A rational number has a length-1 periodic decimal expansion iff it's not in the form above, but $10x-x=9x=A/10^k$. Then, if $x=1/m$ we require that $m = 2^a 5^b 3^c$ with $a \ge 0$, $b\ge 0$ and $c \ge 1$.

That is, it must be a multiple of $3$, and it can be a multiple of $2$ and $5$, with no other prime factor.

Then, if $m=n!$, we must have $n \in \{ 3, 4, 5, 6 \}$

Answer 2

If you know that $\frac{1}{9} = 0.1111\cdots$, then a number of the form $0.a_1a_2 \cdots a_k bbb\cdots$ is equal to $$\frac{[a_1 a_2 \cdots a_k]}{10^k} + \frac{b}{9 \cdot 10^k} = \frac{9[a_1 a_2 \cdots a_k] + b}{9 \cdot 10^k},$$ where $[a_1 a_2 \cdots a_k]$ denotes the $k$-digit number with digits $a_1,\ldots, a_k$.

If this equals $\frac{1}{n!}$ for some $n$, then $9 \cdot 10^k$ must be divisible by $n!$. This supports your observation that things don't work if $n \ge 7$, since $9 \cdot 10^k$ is not divisible by $7$. It thus suffices to check $n=1,\ldots, 6$ manually.

Answer 3

Well.... Let's think.

$\frac 1{n!}=0.a_1a_2.....a_m\overline{kkkkk}= \frac {a_1a_2....a_m}{10^m} + \frac k{9*10^m}=$

$\frac {9\cdot a_1a_2....a_m + k}{9\cdot 10^m}$

So $n! = \frac {9*10^m}{9\cdot a_1a_2...a_m + k}\in \mathbb Z$

This means the only prime factors of $n!$ are $2,3$ and $5$(!!!).
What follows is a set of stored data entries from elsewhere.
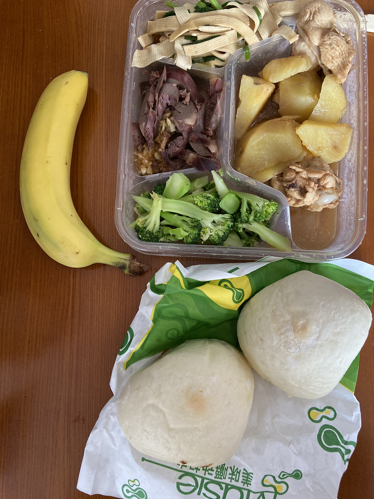 점심에는 만토우(馒头)**** 두 개와 볶은 야채 두 종류, 고기나 해물류 중 두 종류 그리고 과일 (과일은 하루에 딱 한 번 나온다)
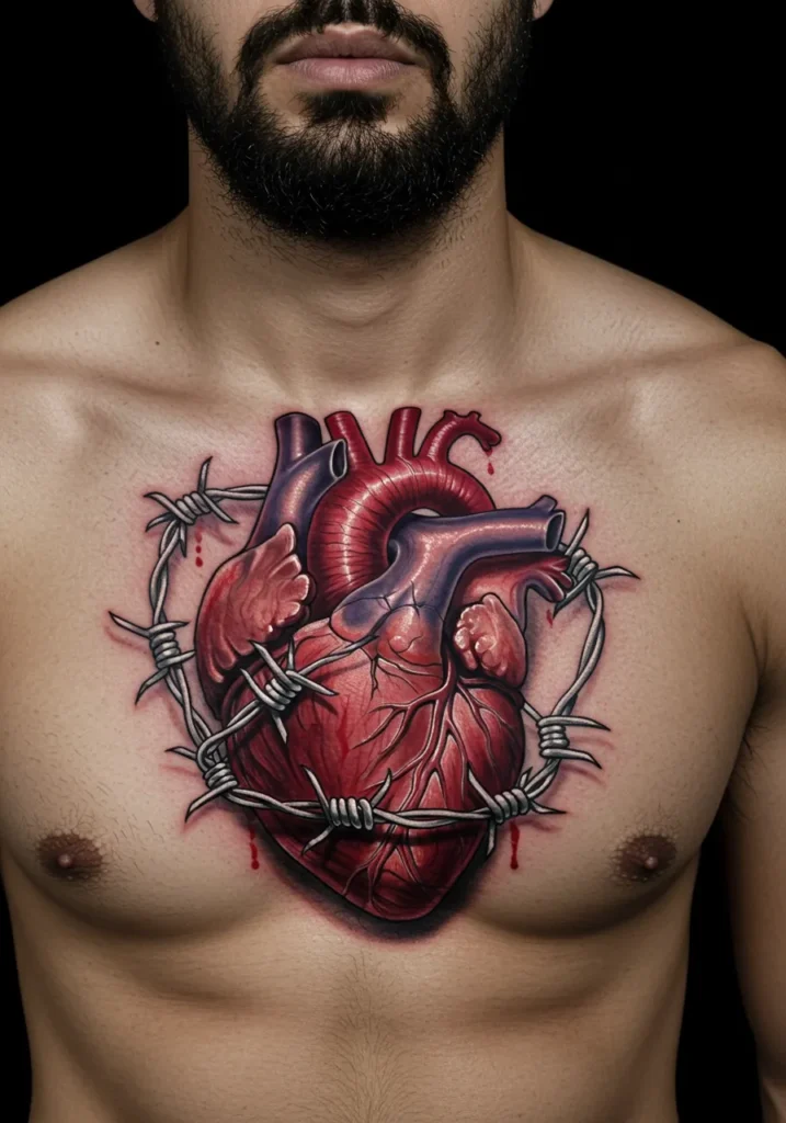 This intense chest tattoo shows a vividly detailed anatomical heart wrapped tightly in barbed wire. The heart looks so real, with deep reds and soft purples showing every curve, vein, and pulse. The barbed wire digs in just enough to add raw emotion without feeling over the top. Little drops of blood add even more weight to the design, making the whole piece feel like a living, breathing symbol of love, pain, and memory all tangled together.
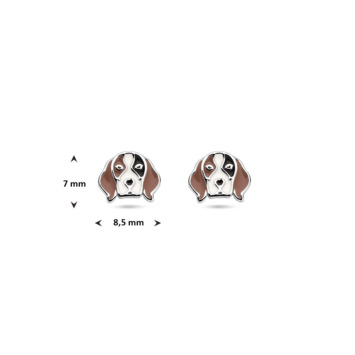 Gerhodineerd 925 zilveren oorknoppen uitgevoerd in de vorm van een hond. De oorknoppen hebben een afmeting van 7×8.5mm.
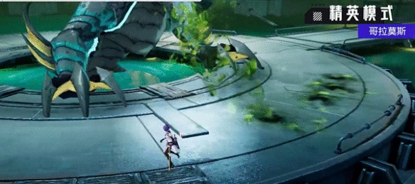 4、最危险的就是它的蓄力大招,当哥拉莫斯摆造出如下图动作时,这一刻它就是在等待蓄力充足后放大招,而此刻玩家就必须全力打断它,不然将会全屏秒杀。
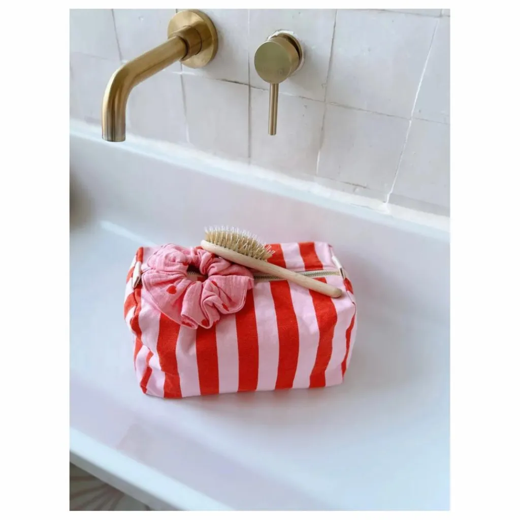 - TROUSSE DE TOILETTE VIC COLORIS RAYE TOMATO / CANDY 100% COTON DIMENSION 26*13*12CM FABRIQUE AU PORTUGAL CERTIFIE OEKO TEX
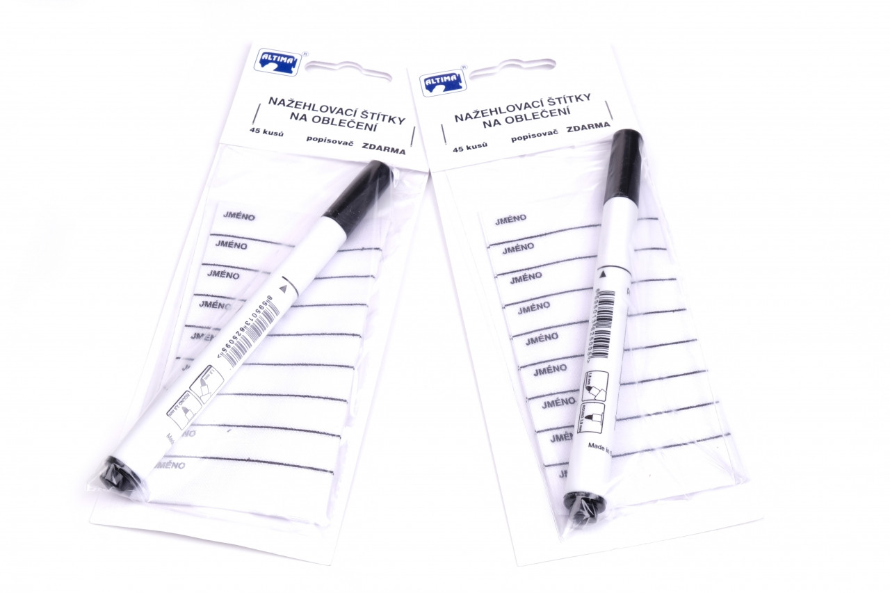 Balení obsahuje 45 ks nažehlovacích štítků na oblečení + 1 popisovač. Hlavní využití je nejen v jeslích, mateřských školkách, školách, dětských domovech a nemocnicích. Na štítky lze psát tužkou na textil. Nažehlovací štítky je možné prát v pračce při teplotě nejvýše 60°C.
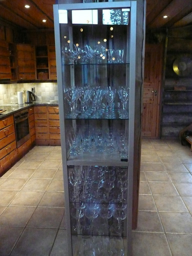 Glass cabinet... with all types of glasses - for brandy, wine, beer, etc etc
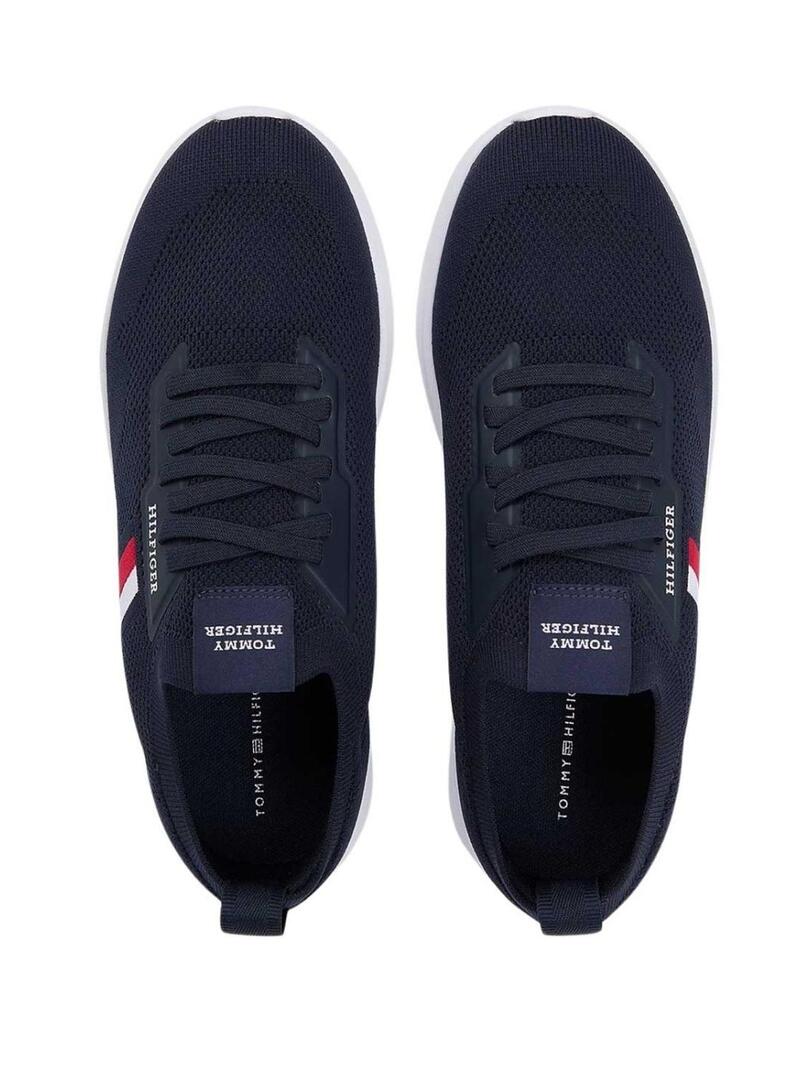 Sapatilhas Tommy Hilfiger. Modelo Kinitted Runner. Cor azul marinho. Parte superior em tecido elástico. Sola ultraleve de EVA. Fecho com cordões elásticos. Logo lateral. Banda com bandeira da marca.
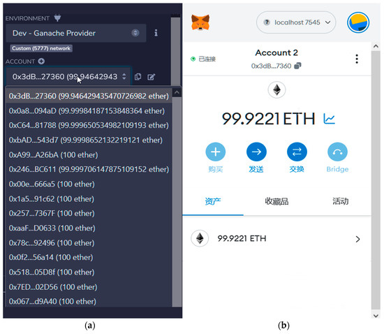 (a) The account used for contract testing. (b) Metamask connects to the local IP and manages the account.
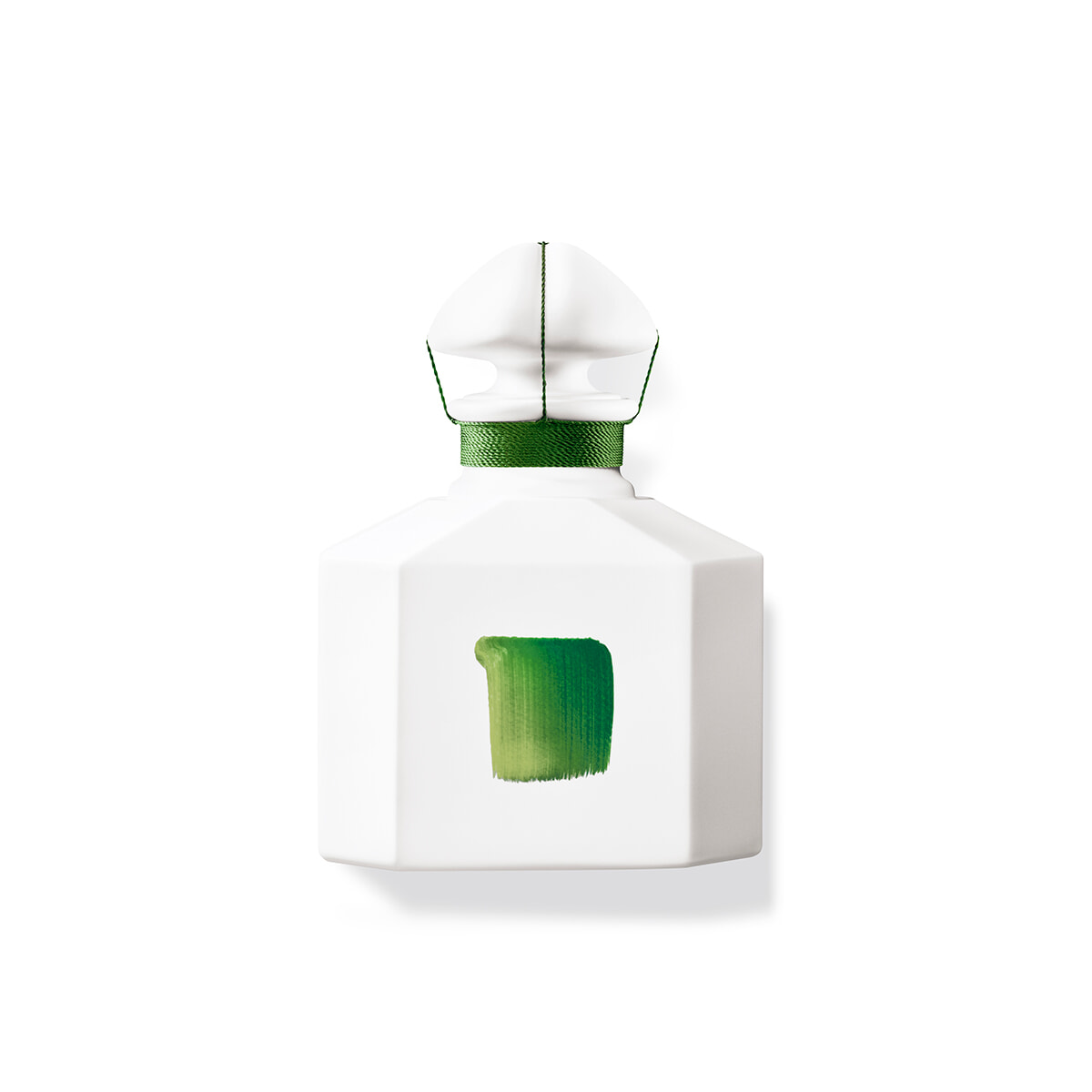 山の蘭のフレッシュさに温かみが漂う穏やかな香り。その香りを包み込むのは、ゲランの伝統的なクアドリローブを踏襲したボトルだ。
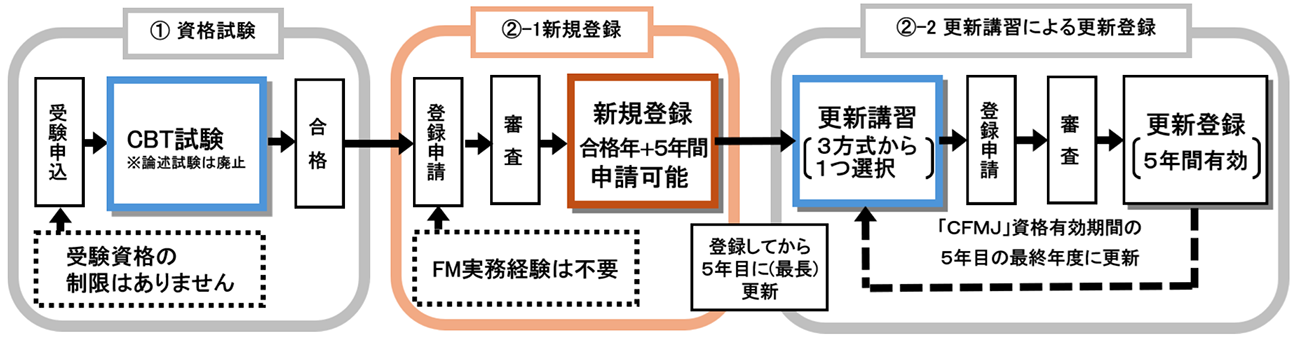 試験に合格し、登録の失格事由に該当しない(新規登録案内書P3参照)方は、申請により初回の「CFMJ」資格登録(以下、「CFMJ」資格新規登録という)を受けられます。
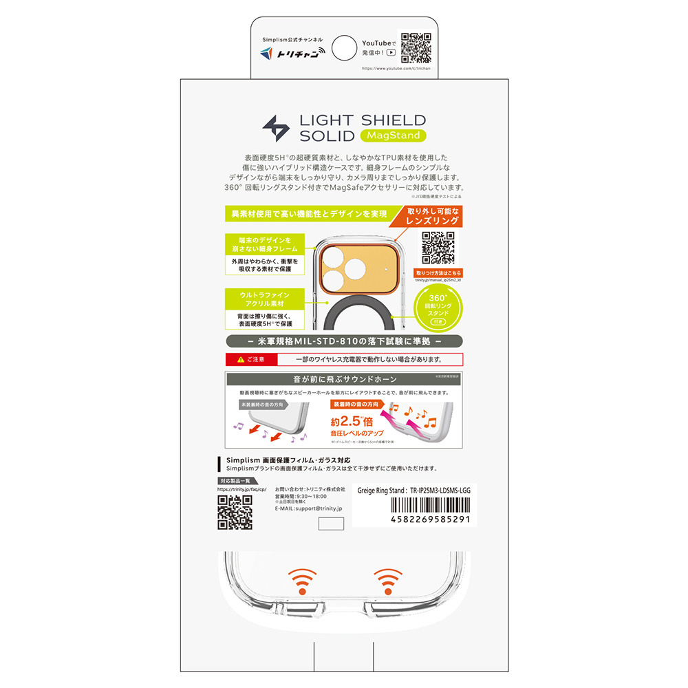 iPhone 17 Pro ケース [LIGHT SHIELD Solid MagStand] MagSafe対応 超精密設計 衝撃吸収 リングスタンド付きハイブリッドクリア ケース グレージュリングスタンド クリア TR-IP25M3-LDSMS-LGG
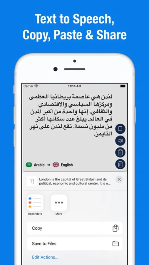 It is a translation tool that helps you break down language barriers. Excellent app for all who makes the first steps in learning Arabic. Intuitive interface, easy navigation, quick result. Begin conversations confidently!
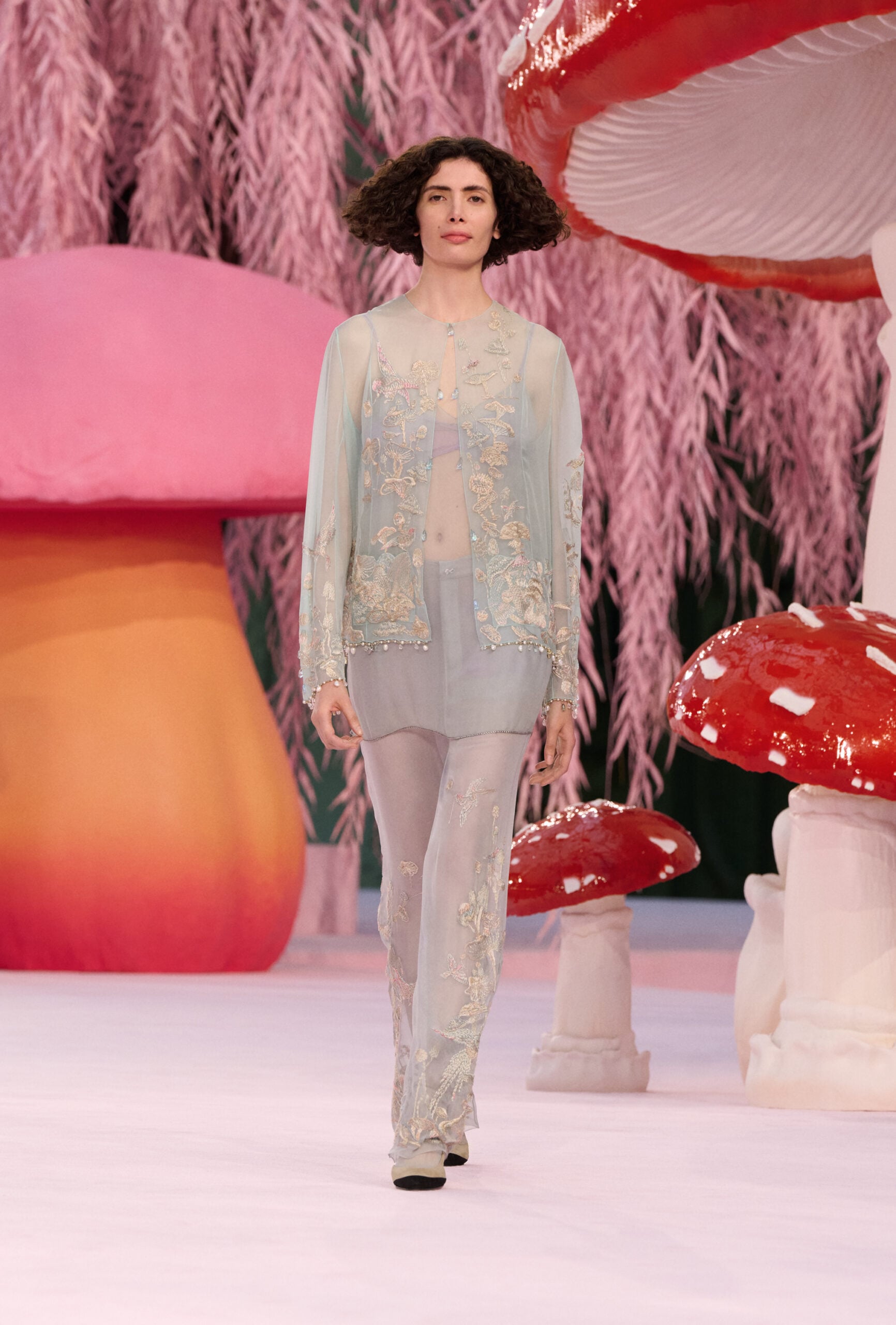 Following triumphant ready-to-wear and Métiers d’Art debuts, Matthieu Blazy faced a fresh challenge with his first haute couture collection—not only as Chanel’s new creative director, but ever. But under a whimsical canopy of towering mushroom caps and pink weeping willows, the designer once again exceeded the hype, presenting an enchanting Spring/Summer 2026 Haute Couture show that will live on in our minds.
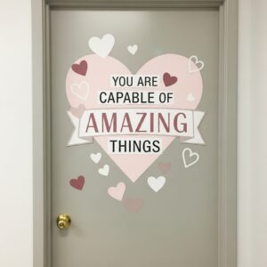 Decorating the door with a meaningful quote about love, friendship, or kindness is a simple yet powerful idea.
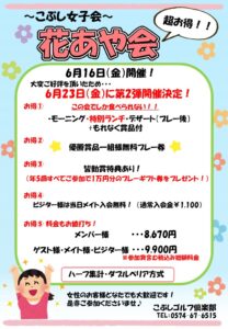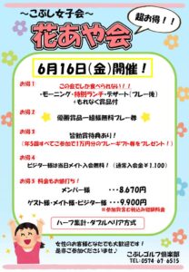 第2・第4火曜日をレディースDAYとし、女性のお客様とご同伴者様を 昼食&1ドリンク付きの優待料金でお迎えいたします♪ (休場日・祝日を除く) 一組に1名女性がいらっしゃれば、男性のお客様もお得に! コンペのお客様は女性の人数×組数のお客様がお得に!! 女性の方はうれしいちょこっとプレゼント♪などさらに特典付!! ビジターの女性の方はメイト入会金(1,100円)が無料! ぜひご来場をお待ち申し上げます!! ※直接お電話でのご予約・当社HPレディースDAYプランからのご予約の方限定料金&特典です。 HPからのご予約はこちらから↓↓ https://pp-web2.jp/calendars/kobushi/calendar 他サイトのレディースDAYプランは料金やサービスが異なりますので予めご了承下さい。
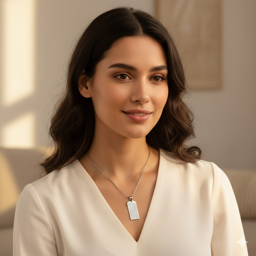 Sa forme rectangulaire raffinée associée à des détails minutieux crée un bijou intemporel, à la fois discret et profondément symbolique. Que ce soit pour vous ou pour offrir, ce collier représente bien plus qu’un simple accessoire : c’est un porte-bonheur, une source d’inspiration et un bijou unique chargé d’émotions.
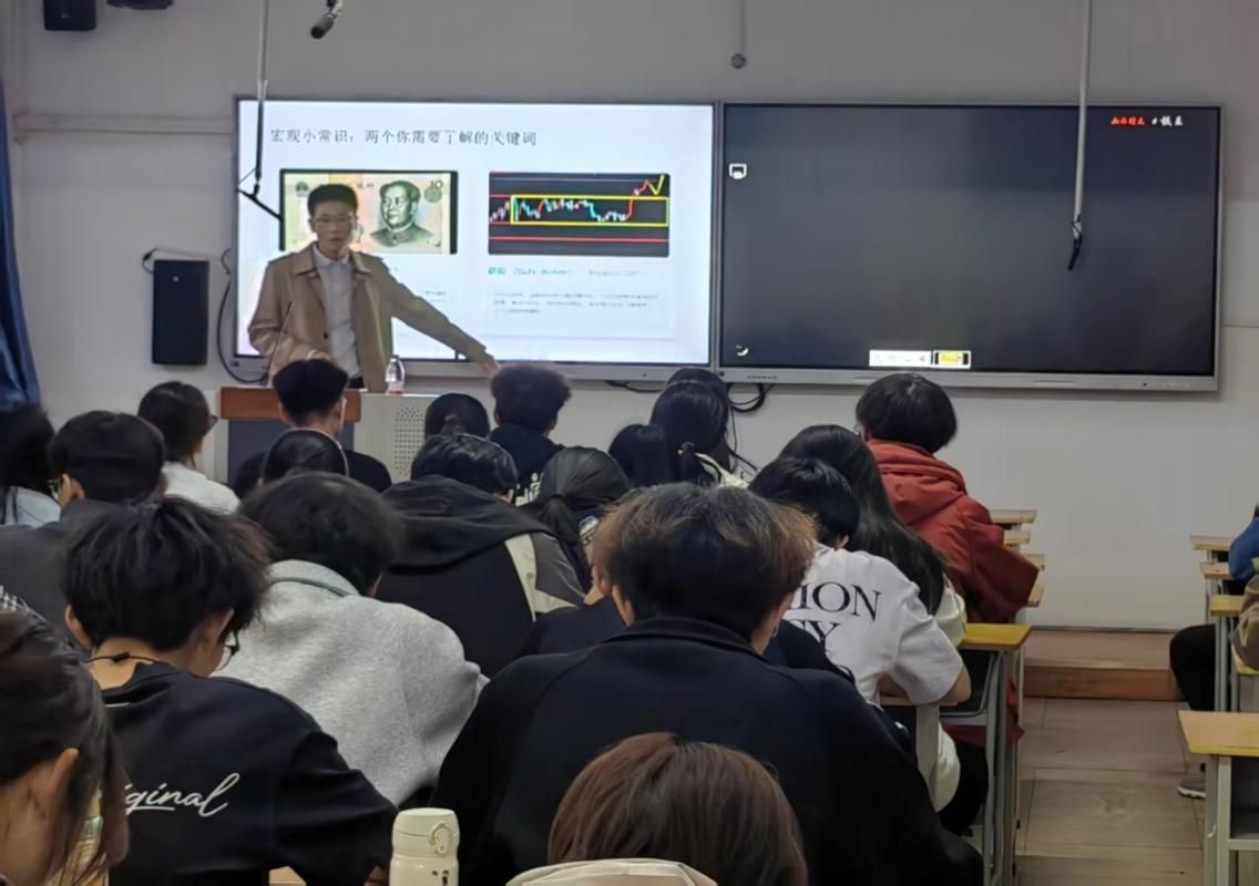 讲座现场,主讲人跳出传统“存钱理财”的狭隘认知,围绕大学生日常消费规划、校园金融风险识别、基础财富逻辑构建、合法理财渠道科普、青年金融反诈避险等核心内容,层层递进地开展财商知识普及。结合资本市场真实案例、校园高频金融陷阱及年轻人财富成长路径,毕经理以通俗易懂的语言拆解复杂金融知识,系统讲解了财富积累的底层逻辑、理性消费原则、借贷风险边界及个人信用保护要点,深刻剖析了当代大学生树立正确财商观、筑牢金融安全防线的重要意义。

That means $n< 7$. And to not terminate that means $n! \ge 3$ and $n\ge 3$.

There are only a finite number to check. $\frac 1{3!} = \frac 16 = 0.1\overline 6$. And $\frac 1{4!}=\frac 1{24}=0.041\overline 6$ and so on.

If there are more than $1$ repeating decimal, say $w$ of them, we will get $n! = \frac {\underbrace{99...9}_w\cdot 10^m}{something + somethingelse}$ and those $n!$ will have only prime factof of $2,5,3$ and the prime factors of $\underbrace{111......1}_w$ but as all numbers not divisible by $2$ or $5$ will divide some $\underbrace{111...1}$ that will always be possible. (Although particular $w$s will put severe restrictions).

(For example to have only $2$ repeating can not happen as $11|99$ but $7\not\mid 99$. But $7\&11\&13|999999$ so $\frac 1{7!}$ through $\frac 1{16!}$ all have $6$ repeating digits.)